▸ **SOURCE DATA**:

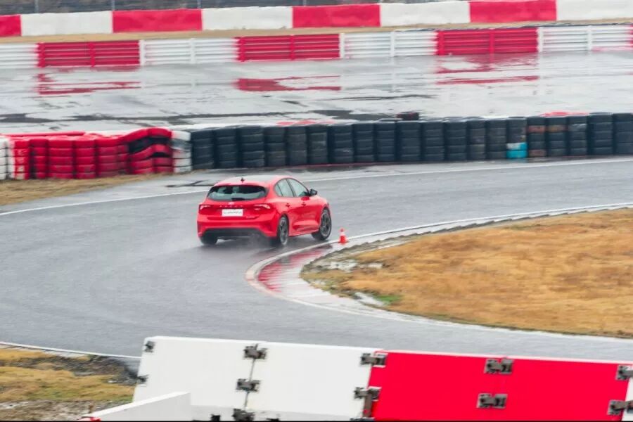 正确的驾驶方式是将脚跟死死顶在地板以拿捏最精准的油门开度,根据弯的大小选择最合适的过弯策略。所以在第二圈的体验中,我稍稍放慢了脚步,车身在失控与可控之间游走,重心的转移配合方向的转动使得轮胎的抓地力在极限的边缘徘徊,相比于传统紧凑级车,我能感受到福克斯ST-Line的过弯极限很高,看来它确实需要一位经验十足的赛车手去驾驭,而且它的改装潜力很大,难怪福克斯能在房车锦标赛中取得好成绩。
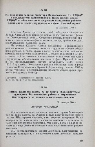 Письмо шахтеров шахты № 12 треста «Буденновуголь» трудящимся Вознесенского района с выражением благодарности за помощь в восстановлении шахт. 15 сентября 1944 г.
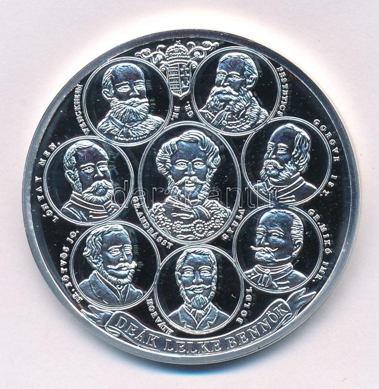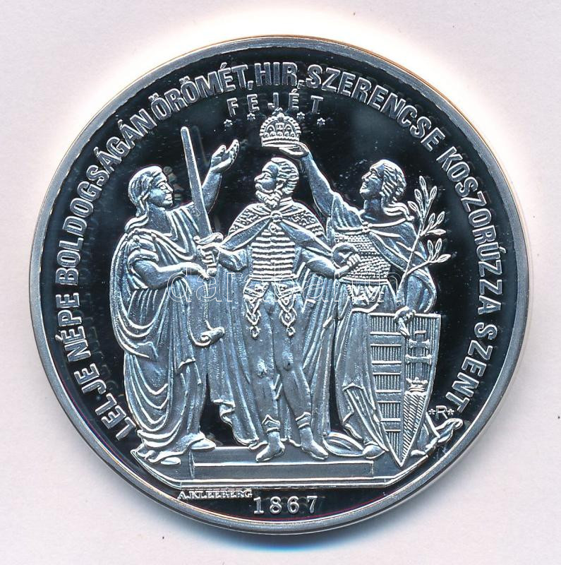 1867. "I. Ferenc József budai koronázására" ezüstözött fém emlékérem "R" jelzésű replika. "LELJE NÉPE BOLDOGSÁGÁN ÖRÖMET, HÍR, SZERENCSE KOSZORÚZZA SZENT FEJÉT / DEÁK EMLÉKE BENNÖK". Szign.: August Kleeberg (46mm) T:PP
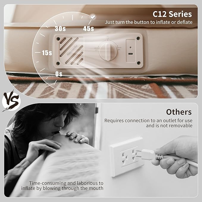 - Built-In Electric Pump — 45,000 rpm motor inflates or deflates in 45 seconds; 4000 mAh rechargeable battery supports up to 12 uses per charge
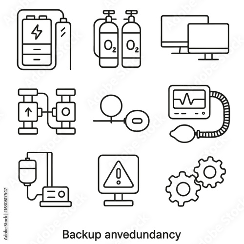Backup Icons Collection. Outline style icons of Backup and Redundancy: battery pack icon, dual oxygen source, secondary monitor,
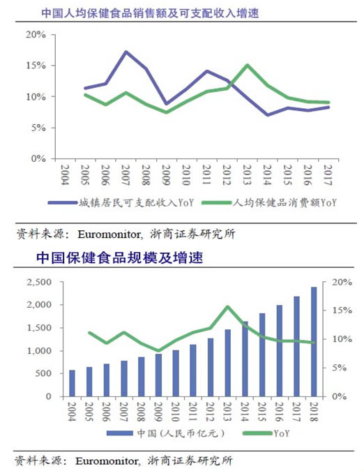 歷史研究資料顯示,當一國人均GDP從4000美元向8000美元躍升階段中,消費者在保健食品消費驅動上會從可選消費品向必選消費品轉變,進而帶動保健食品行業(yè)需求的提升。2015年我國人均GDP跨入5萬元的關口,保健食品人均消費額增速的走勢亦和可支配收入增速趨于一致。
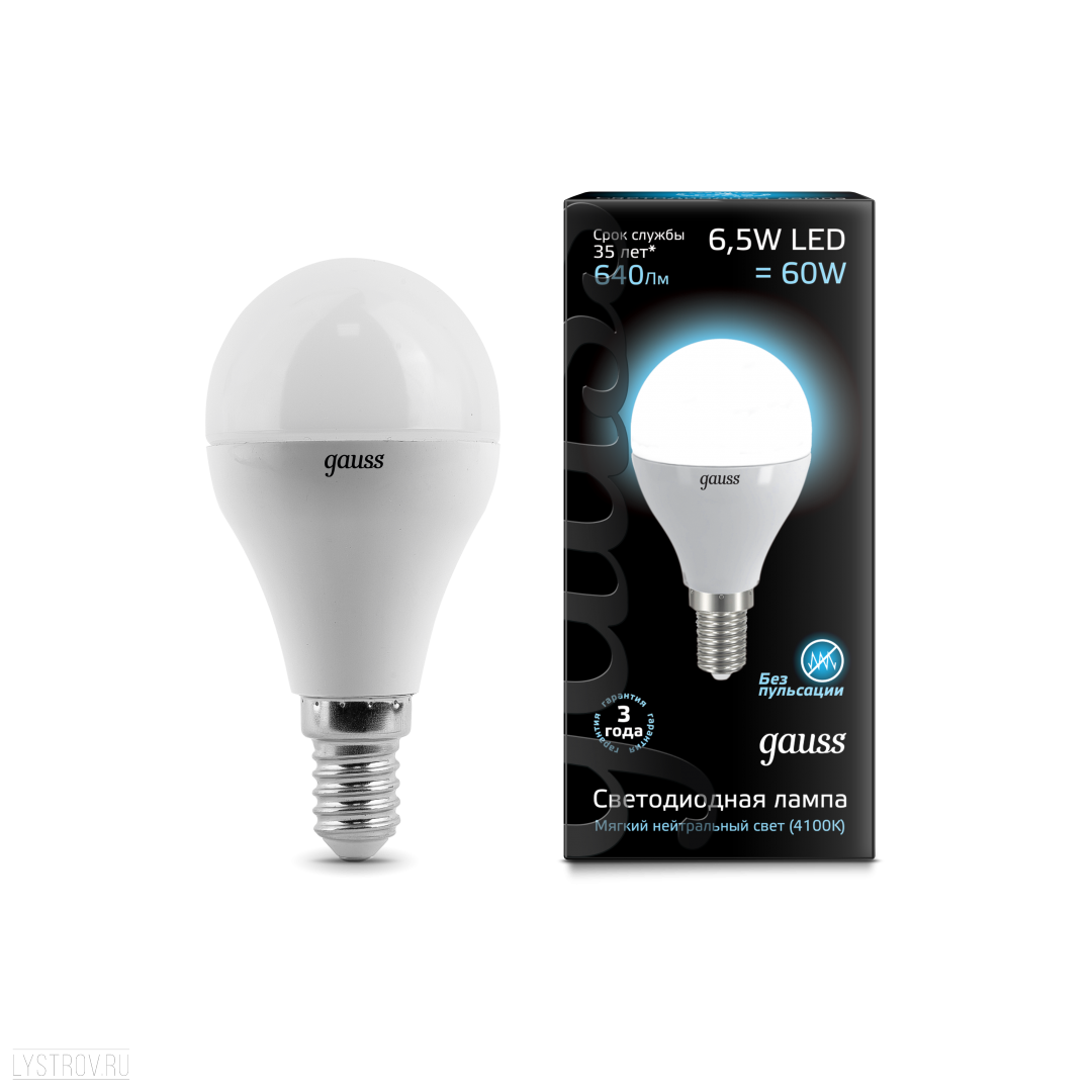 Оставить свой отзыв о товаре Лампа GAUSS светодиодная шар Е14 6,5W 4100К

▸ **YOUR OBJECTIVE**: In the listing above, transcribe exactly the lines from the line containing "Письмо шахтеров шахты" through the last one, both included, but not the pictures.

▸ **TASK RESPONSE**:
 Письмо шахтеров шахты № 12 треста «Буденновуголь» трудящимся Вознесенского района с выражением благодарности за помощь в восстановлении шахт. 15 сентября 1944 г.
 1867. "I. Ferenc József budai koronázására" ezüstözött fém emlékérem "R" jelzésű replika. "LELJE NÉPE BOLDOGSÁGÁN ÖRÖMET, HÍR, SZERENCSE KOSZORÚZZA SZENT FEJÉT / DEÁK EMLÉKE BENNÖK". Szign.: August Kleeberg (46mm) T:PP
 - Built-In Electric Pump — 45,000 rpm motor inflates or deflates in 45 seconds; 4000 mAh rechargeable battery supports up to 12 uses per charge
Backup Icons Collection. Outline style icons of Backup and Redundancy: battery pack icon, dual oxygen source, secondary monitor,
 歷史研究資料顯示,當一國人均GDP從4000美元向8000美元躍升階段中,消費者在保健食品消費驅動上會從可選消費品向必選消費品轉變,進而帶動保健食品行業(yè)需求的提升。2015年我國人均GDP跨入5萬元的關口,保健食品人均消費額增速的走勢亦和可支配收入增速趨于一致。
 Оставить свой отзыв о товаре Лампа GAUSS светодиодная шар Е14 6,5W 4100К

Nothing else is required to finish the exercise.